Les écrans sont notamment une solution employée par de nombreuses marques. Ils permettent notamment de relier le point de vente aux autres canaux : les informations institutionnelles, les vidéos sur le site, le flux des réseaux sociaux peuvent ainsi faire leur entrer en magasin. Pour autant, il ne s'agit pas d'implanter des écrans ou d'autres outils en masse, sans stratégie. "Une phygitalisation tout azimut, n'est pas non plus une bonne solution, affirme Régine Vanheems de l'Observatoire du commerce connecté. Il faut savoir ce que cela apporte au parcours d'achat et si le client utilise ces outils digitaux".
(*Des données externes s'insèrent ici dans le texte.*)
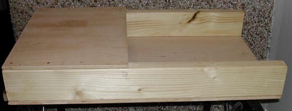 The construction process is simple enough if you have basic do-it-yourself skills. Firstly, assemble the timber frame as shown below using a length of 4x2 inch planed timber and a sheet of 1/2 inch plywood. In my case the base was 39 inches long by 16 inches wide. The plywood base was screwed to the bottom of the side members and then the top platform was screwed at one end.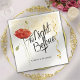 Get Youself Some elegant and beautiful Decorated napkins for your Rehearsal Dinner. The napkins come in a calligraphy modern style with ~THE NIGHT BEFORE~ font. Also, you can customize the name of the bride and the groom. The napkins feature glitter with red Poppy Flower and confetti to make them look so beautiful and elegant.
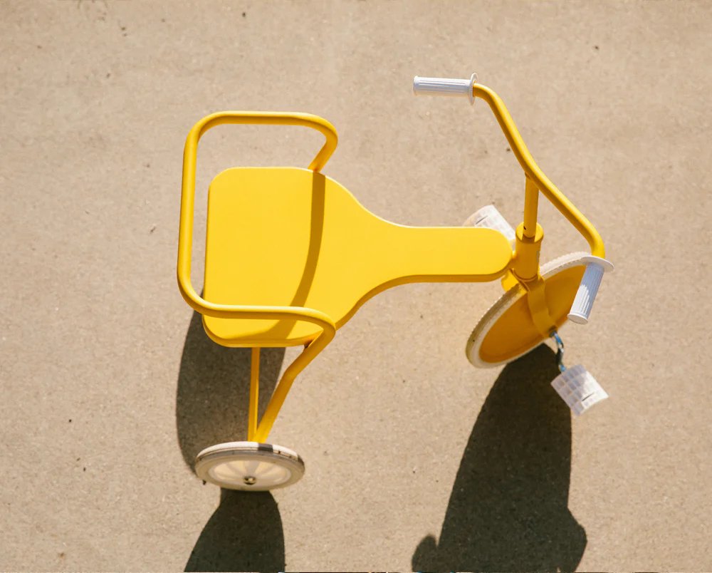 With its elegant form and sophisticated palette, the discerning parent will be relieved to know this tricycle is made of steel, with a solid wood seat, and real rubber wheels. Minimal plastic parts means it’s durable and won’t clutter your yard or our oceans.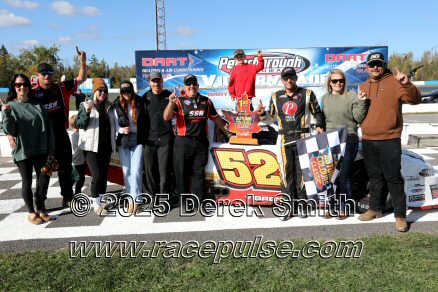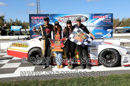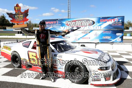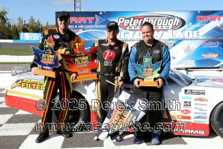 Peterborough Speedway held their annual Autumn Colours Weekend from Friday October 10 through Sunday October 12. Today started with a 167 lap race for the Pro Late Models, followed by some postponed qualifying, and features for Super Stocks, Mini Stocks, Legends, Bone Stocks, OSCAAR Modifieds and OSCAAR Hot Rods. Jake Sheridan won the Pro Late Model feature, followed by Rick Spencer-Walt, Dale Shaw, Dustin Mombourquette and Dan McHattie. Phil Givens won the Bone Stock feature, with Jo Lawrence a very close 2nd and Jordan Wilmms 3rd. Tyler Hawn won the OSCAAR Hot Rod feature, followed by Mark Gordon and Luke Gignac. Doug Butler won the Mini Stock feature, with James Townsend 2nd and Jacob Sutcliffe 3rd. Amand Balson finished first in the OSCAAR Mofifed feature, but was DQ'd in tech. Max Beyore finished next, with TJ Edwards and Jason Keen following. The top 3 in the Legends feature were Mitch Wright, Parker Travis and Adam Cuthbertson. Shawn Chenoweth won the Super Stock feature, followed by Daniel Hawn and Marlie Owen. For full official results and more info, please see Peterborough Speedway and OSCAAR with APC Series .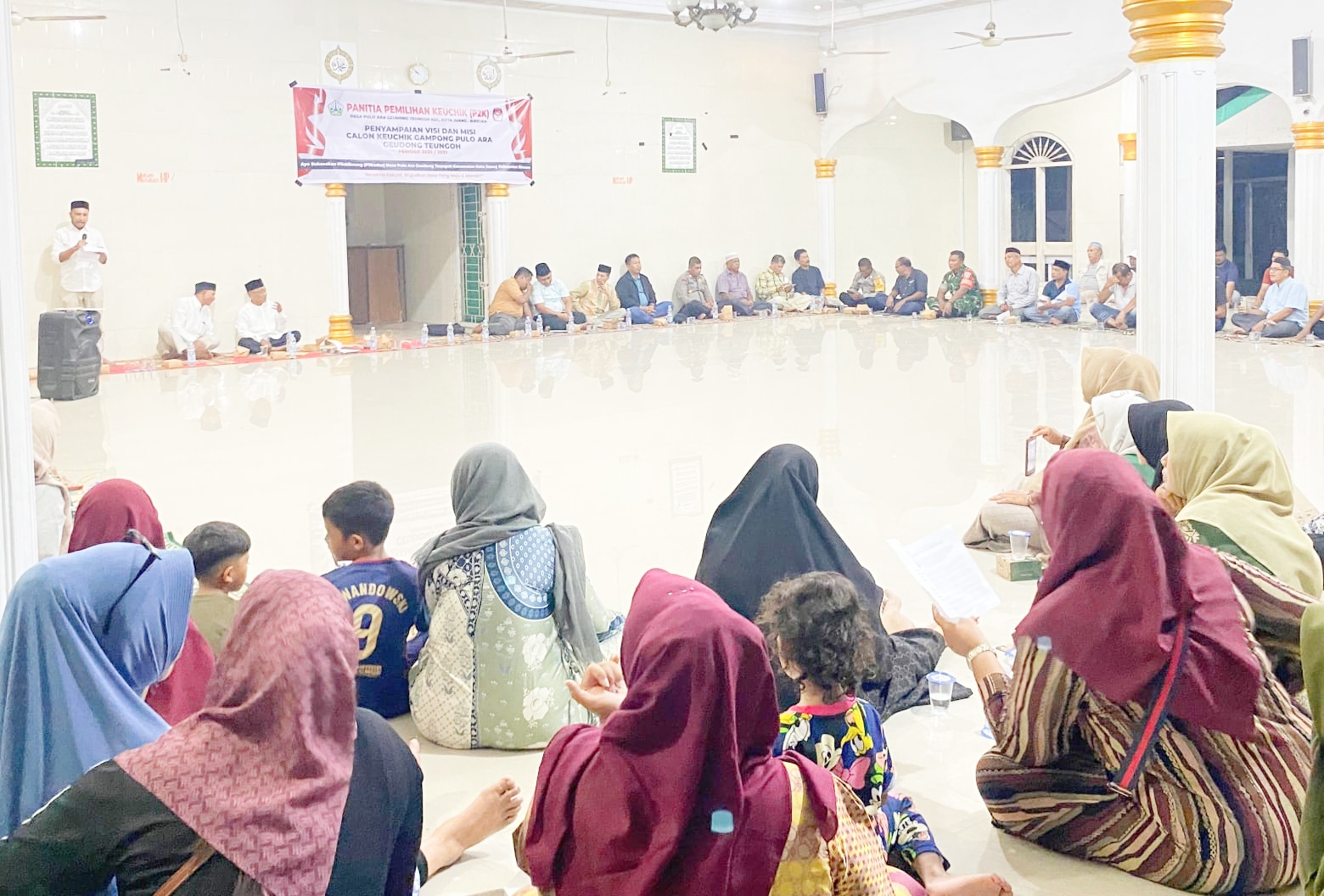 Nusantaranews. co. Bireuen – Panitia Pemilihan Keuchik (P2K) Gampong Pulo Ara Geudong Teungoh Kecamatan Kota Juang, Kabupaten Bireuen, menggelar penyampaian visi misi calon Keuchik (Kepala Desa) di komplek Meunasah Gampong Pulo Ara Senin, 25 Agustus 2025 ba’da Shalat Insya pukul 21.00 WIB.
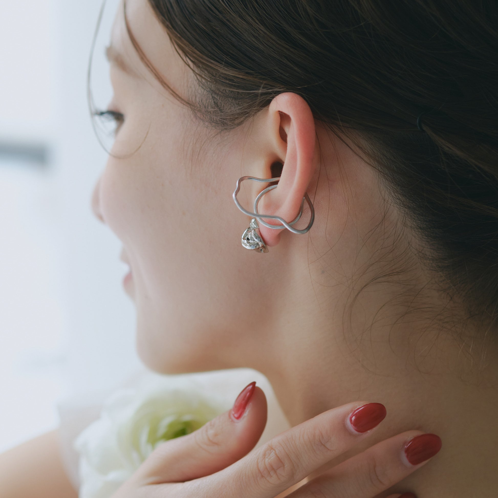 その儚げな影を、2本の線で繊細に描いたイヤーカフ。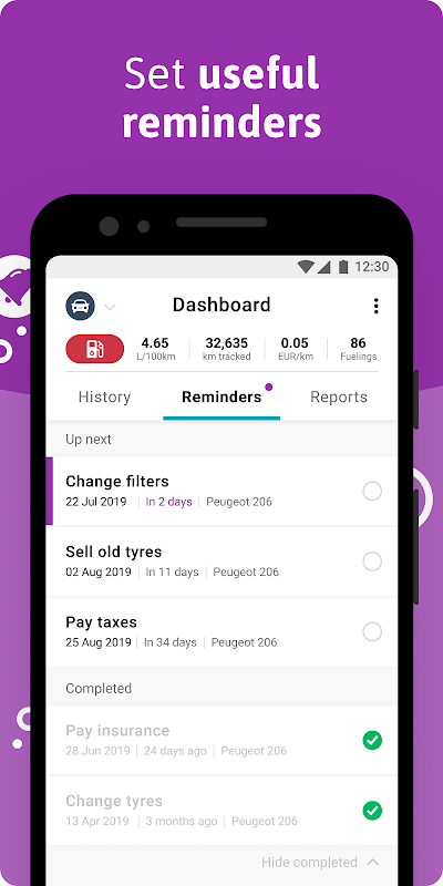 - Pelacakan bahan bakar yang komprehensif (biaya, efisiensi, rata-rata)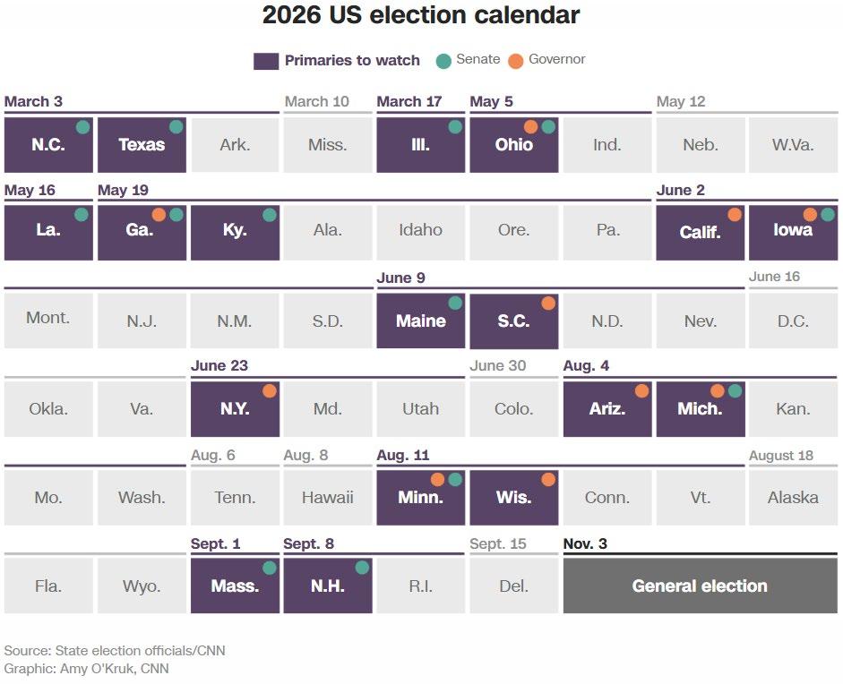 与此同时,候选人和党内领袖也将仔细分析选举结果, 为2028年总统大选做准备——那将是16年来首次没有特朗 普名字出现在选票上的全国性选举。以下是未来一年中,他 们——以及我们——将重点关注的关键日期与选战: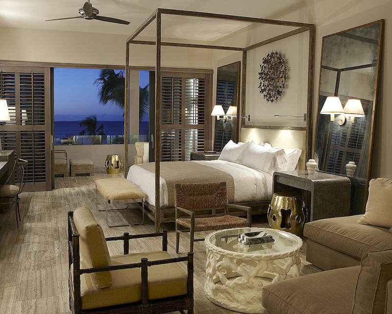 The 3679 square foot three-bedroom Penthouse features a custom-designed four-poster king bed in both the master and second bedroom, with two queen-sized beds in the third bedroom. It also has a full gourmet kitchen, dining room, living room, washer, dryer and powder room. There are ocean views from the penthouse’s terrace, where there is a large private pool and outdoor kitchen. Bathrooms in the three-bedroom Penthouse feature outdoor showers.

L'expérience devient indispensable

Le magasin n'a donc pas du tout dit son dernier mot. "Le consommateur a besoin de contact, notamment pour l'agroalimentaire, juge Jean-Marc Liduena. La grande surface répond à un besoin de proximité, une tendance lourde sur laquelle on ne peut faire l'impasse". Le point de vente physique, en grande distribution comme ailleurs, permet aussi "un retour à quelque chose de plus sain et local, il répond à un besoin de qualité plus évident à démontrer que sur Internet", juge l'expert de Deloitte. La grande surface doit donc se renouveler en gardant ses fondamentaux. "Le point de vente doit rester hyper physique", juge Valérie Besnard, responsable marketing de CityMeo.
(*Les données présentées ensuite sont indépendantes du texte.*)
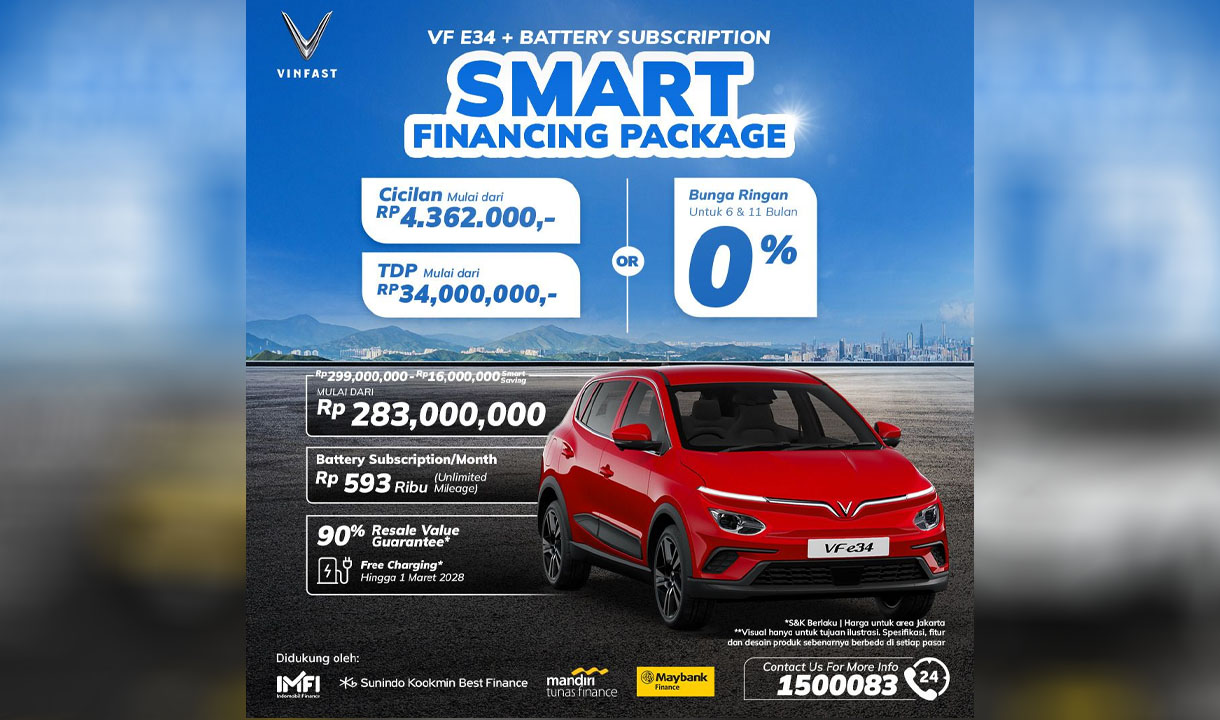 Kebijakan langganan baterai ini juga melengkapi berbagai program penjualan dan purna jual VinFast di Indonesia, termasuk gratis pengisian daya di stasiun V-GREEN, bonus uang tunai dan aksesori, bunga kredit ringan, serta jaminan harga jual kembali hingga 90% setelah enam bulan dan 70% setelah 3 tahun.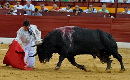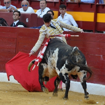 LÓPEZ SIMÓN, no pudo lucirse en el recibo con un toro que salía muy suelto y buscaba la querencia, los enganchones acabaron con los intentos. Puyazo de trámite y en banderillas dejó manifiesto su peligro, se escaparon de verdadero milagro los dos subalternos. Volteretón en la brega que acusó. Comenzó la faena agarrado a la barrera. En la muleta fue un toro complicado, protestaba, y que ya había dejado evidencias de manso, la faena transcurrió sin pena ni gloria con un toro rajado que dobló en la misma puerta de arrastre. Se complicó el enganche en las mulillas que no pudieron salir al ruedo. Tras pinchazo entera en la yema. Silencio. En el 6º, el recibo hizo presagiar lo peor para el triunfo, el toro le sorprendió con dos coladas con desarme incluido cuando lo llevaba al caballo. Pero López Simón, conoce esta plaza y la bondad de la clientela. Se tiró de rodillas con una vibrante primera tanda que fue el inicio del de un final feliz. Por ambos pitones se vieron buenas tandas y un público entregado. Alberto afrontó los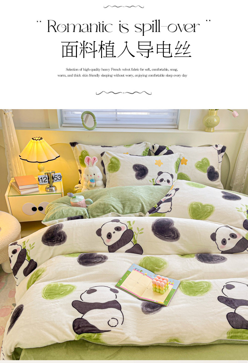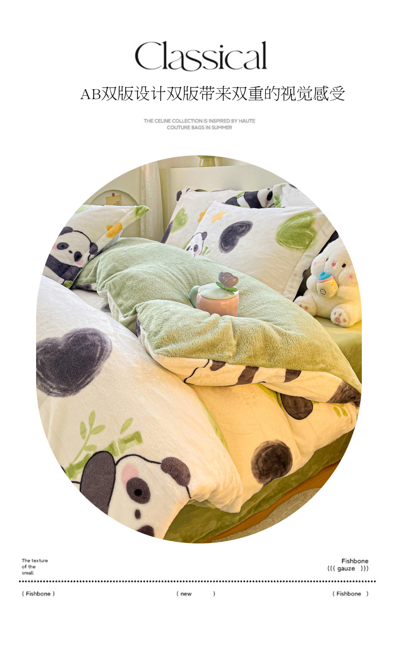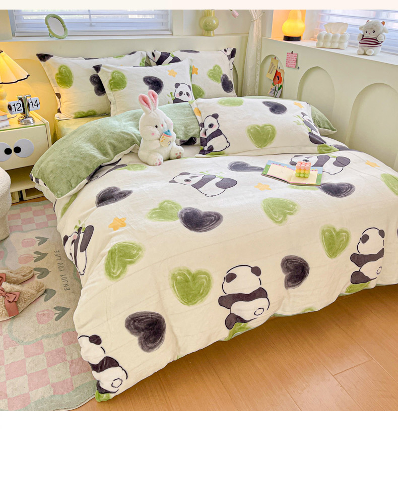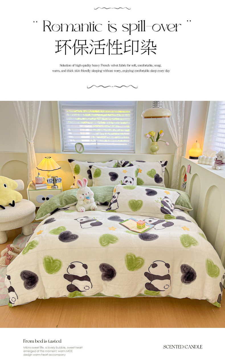 当前位置: 91家纺网 > 商品网购 > 床品套件 > 四件套 > 牛奶绒四件套 > 2024新款小清新牛奶绒高克重加厚保暖四件套 爱心熊猫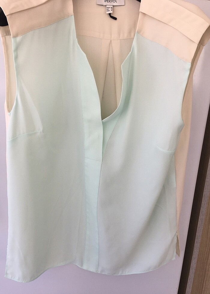 Sıfır ayarında,kolsuz dökümlü bluz.iki kol arası:54cm boy:69cm

Pour autant, cela ne suffit pas à valoriser le point de vente. Pour Régine Vanheems, "si le seul intérêt du magasin résidait dans les produits, tout le monde achèterait sur Internet. On y va pour vivre une expérience, se détendre, se réconforter : le point de vente répond à des motivations sensorielles, émotionnelles, sociales". Si a priori, cela concerne surtout les grandes surfaces spécialisées, l'expérience client est aussi amenée à se développer en GMS, à travers des démonstrations, des tests, de nouvelles expériences, et les nouvelles technologies, comme la réalité augmentée ou la réalité virtuelle, ont une vraie plus-value à apporter. "Ce n'est pas nouveau, mais cela devient un must-have en grande distribution", juge Jean-Marc Liduena de Deloitte.
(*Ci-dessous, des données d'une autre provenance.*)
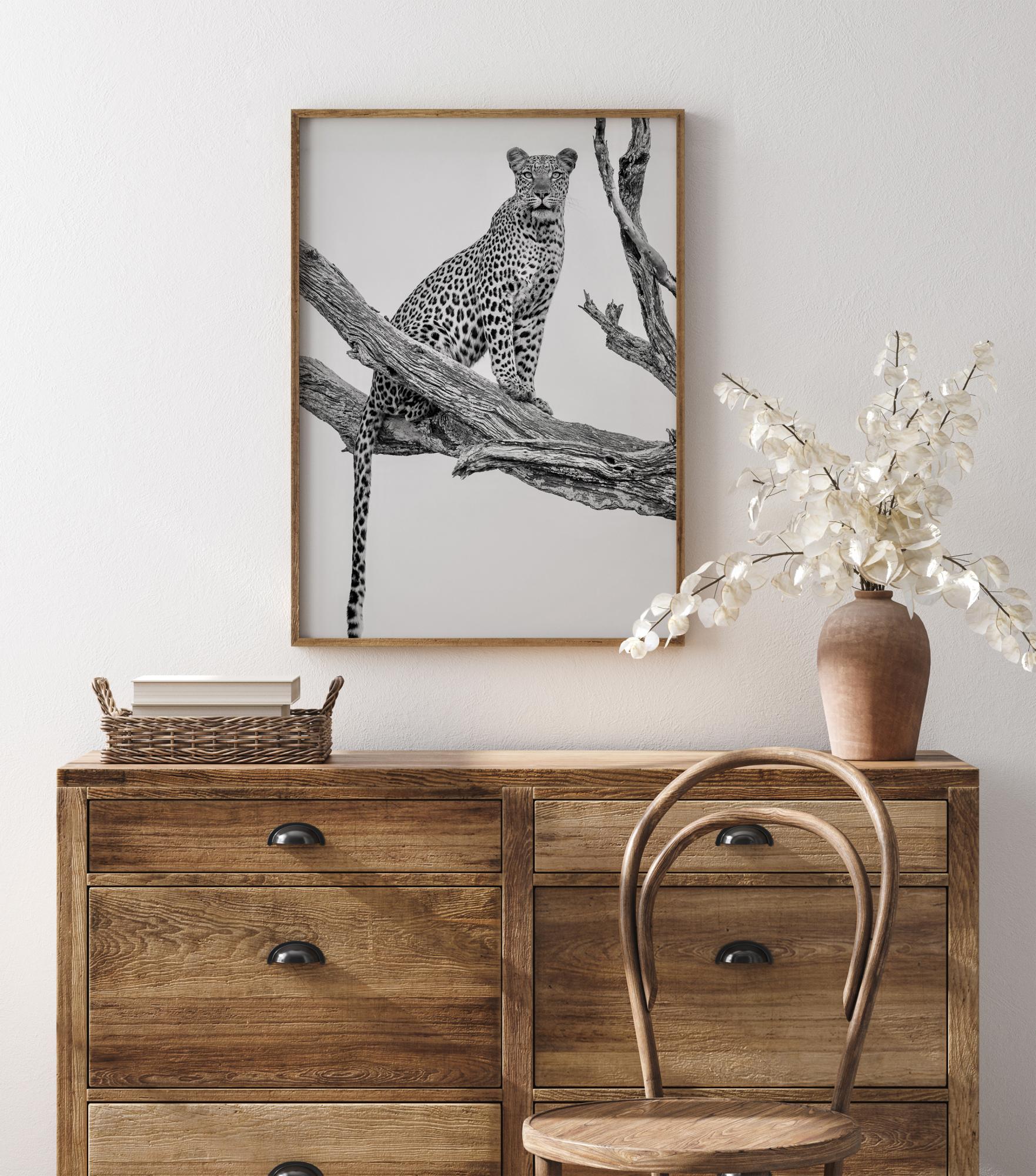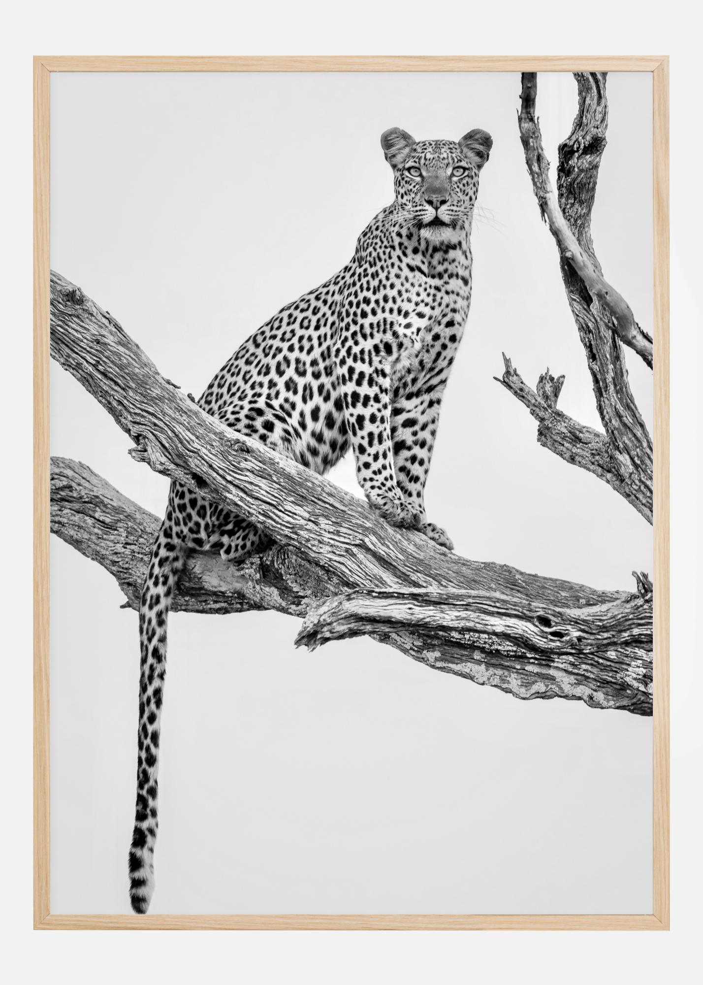 En naturplakat av en leopard som sitter våkent på en enkelt tregrein. Leoparden stirrer ut i det fjerne, og gir en følelse av at noe snart vil skje. Føl forventningen i denne plakaten.

La force de vente au coeur du phygital

Reste qu'au milieu de toutes ces transformations techniques, en magasin comme en ligne, le vendeur est plus que jamais au coeur du parcours de vente, même si son rôle se transforme. "Des recherches récentes montrent que quand des prospects vont dans un magasin, l'élément dont ils se souviennent le plus en sortant, c'est le vendeur, et les interactions qu'ils ont eus avec lui, explique la cofondatrice de l'Observatoire du commerce connecté. Or, c'est le souvenir de l'expérience vécue qui fera revenir". (A lire: Grande distribution : ce qu'elle attend de vos commerciaux)

Les outils doivent donc servir le discours de la force de vente. "Ils aident les vendeurs dans leur rôle de conseiller, en facilitant l'explication et la communication sur les produits et la marque, affirme Cécile Morel de CityMeo, pour qui ces outils sont également utiles à la formation de la force de vente : "Quand ils sont face aux clients, ils n'ont pas le temps de consulter les réseaux sociaux de l'entreprise et de se tenir au courant de ses activités, des outils simples comme des écrans interactifs peuvent donc les aider à se tenir au courant en temps réel". Chez Sephora, dont l'organisation omnicanale est souvent citée en exemple, la force de vente peut commander depuis le magasin via une application des produits en rupture de stock pour les faire livrer chez les clients : le passage d'un canal à l'autre est ainsi parfaitement fluide.

Mais cela demande de nouvelles compétences et une nouvelle posture que les entreprises doivent accompagner. "La situation est anxiogène pour les employés, qui peuvent avoir peur d'être remplacés par le numérique", explique Jean-Marc Liduena. Selon l'expert de Deloitte, les entreprises doivent insister sur trois axes : démontrer les bénéfices de la phygitalisation, avec des groupes pilotes qui servent d'exemple ; rassurer à travers des programmes d'explication répétés dans le temps ; former à de nouvelles façons de travailler. "Que ce soit avec des nouveaux talents ou de la reconversion, les entreprises ont besoin d'une mutation de la main d'oeuvre, qui passe par une acquisition de nouvelles compétences.